Personal information
- Full name: Oliver Claude White
- Born: 11 March 1880 Iver, Buckinghamshire, England
- Died: 12 January 1956 (aged 75) Earlswood, Surrey, England
- Batting: Right-handed
- Bowling: Right-arm slow

Domestic team information
- 1920: Northamptonshire
- 1906: Buckinghamshire

Career statistics
| Competition | First-class |
| Matches | 5 |
| Runs scored | 57 |
| Batting average | 9.50 |
| 100s/50s | –/– |
| Top score | 15* |
| Balls bowled | 437 |
| Wickets | 10 |
| Bowling average | 27.90 |
| 5 wickets in innings | – |
| 10 wickets in match | – |
| Best bowling | 3/49 |
| Catches/stumpings | 1/– |
- Source: Cricinfo, 27 June 2011

= Oliver White (cricketer) =

English cricketer

Oliver Claude White (11 March 1880 - 12 January 1956) was an English cricketer. White was a right-handed batsman who bowled right-arm slow. He was born in Iver, Buckinghamshire and educated at Merchant Taylors' School, where he played for the school cricket team.

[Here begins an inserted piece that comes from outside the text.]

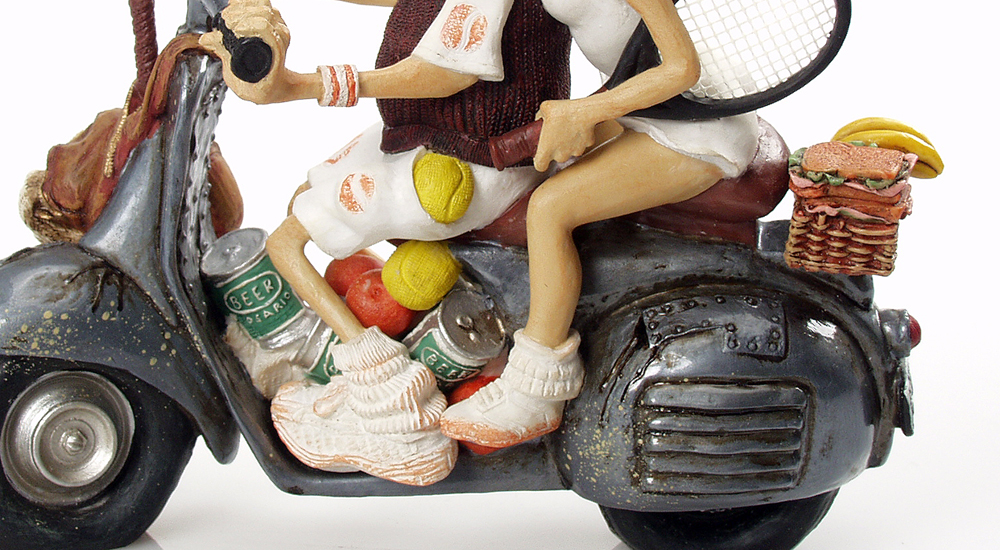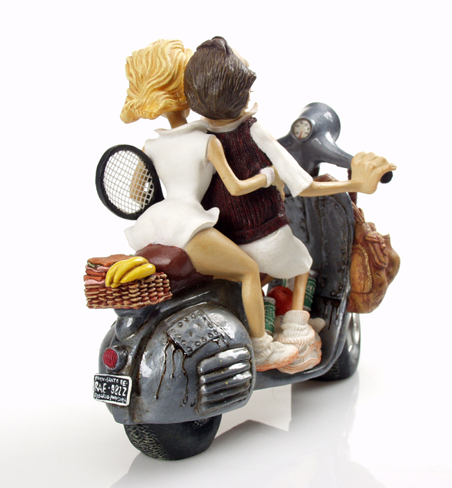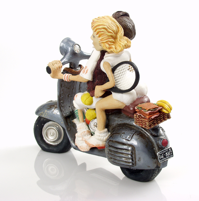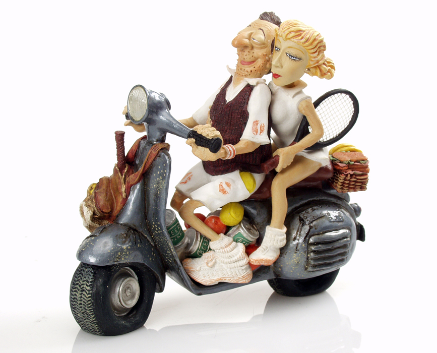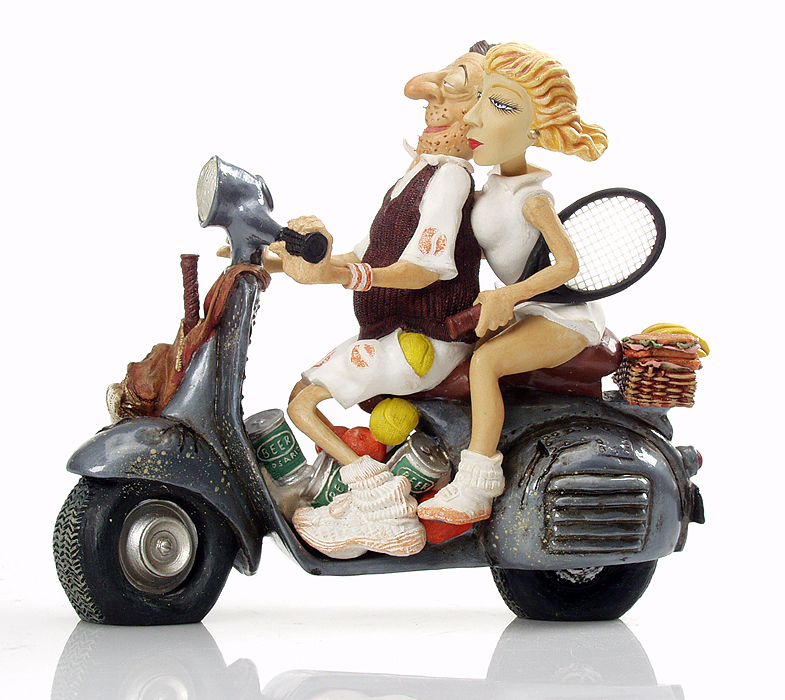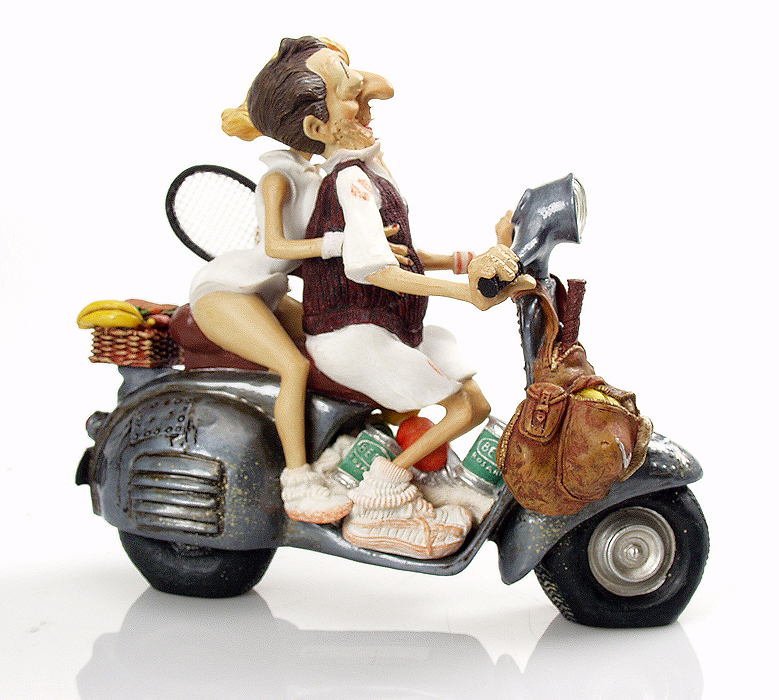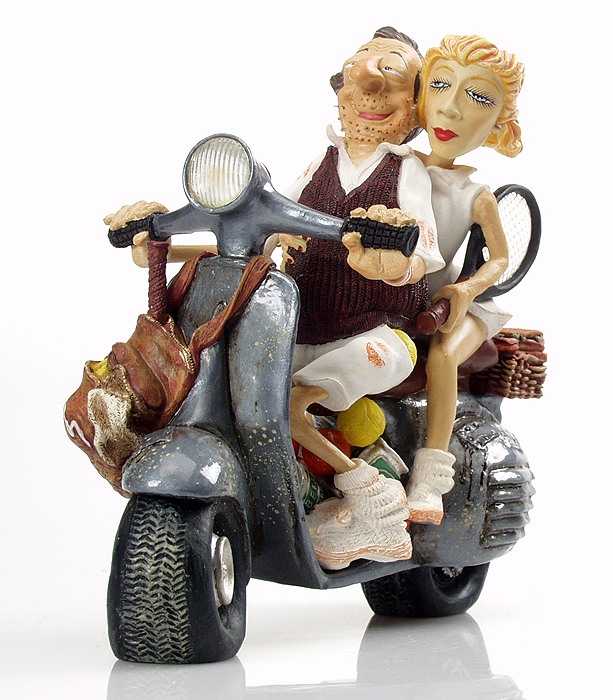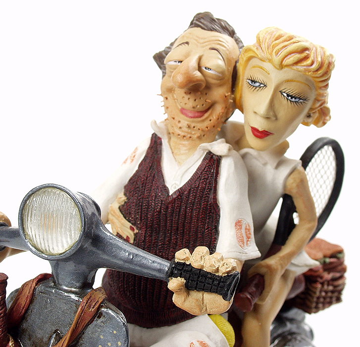Die Mischung aus Forchinos großen Sinn für Humor, mit einem starken Hauch Ironie verbunden, haben zur Comic Kunst Forchinos geführt. Die limitierten und nummerierte Editionen seiner Figuren sind begehrte Objekte für Liebhaber und Sammler. Überzeugen Sie sich selbst von derQualität dieser fantastischen Arbeiten, die unter der ständigen Kontrolle des Künstlers stehen. DIE GESCHICHTE: Herr Doktor Jorge Perochena spielte nie Tennis. Für ihn war es ein langweiliges Spiel, wo man nur immer wieder einen kleinen gelben Ball schlägt. An dem Tag, als er herausfand, das die liebliche Adriana Harari sehr gerne Tennis spielt, meldete er sich sofort zu einem Intensiv - Kurs an .Er kaufte sich einen teuren Schläger, eine modische Shorts, ein Krokodilhemd und extra federnde Tennisschuh Eine Woche später lud er sie zu einem Freundschaftsspiel ein. Jorge verlor das Spiel zwar in zwei Sätzen, 6-0/6-0, konnte aber den Ball dreimal erreichen !!. Das war ihm aber unwichtig, da er sein Ziel erreicht hatte - eine Fahrt auf seinem Motorroller mit der tollen Adriana als Sozius, die ihn mit ihren Armen umschlang. |

White made his debut for Buckinghamshire in the 1906 Minor Counties Championship against Wiltshire. He made 2 further appearances for the county, both coming in 1906 against Bedfordshire and Hertfordshire. Following World War I, White made his first-class debut for Northamptonshire against Essex in the 1920 County Championship. He made 4 further first-class appearances for Northamptonshire, all coming in 1920, with his final appearance coming against Essex. In his 5 first-class matches, he scored 57 runs at an average of 9.50, with a high score of 15*. With the ball, he took 10 wickets at a bowling average of 27.90, with best figures of 3/49.

White died in Earlswood, Surrey on 12 January 1956.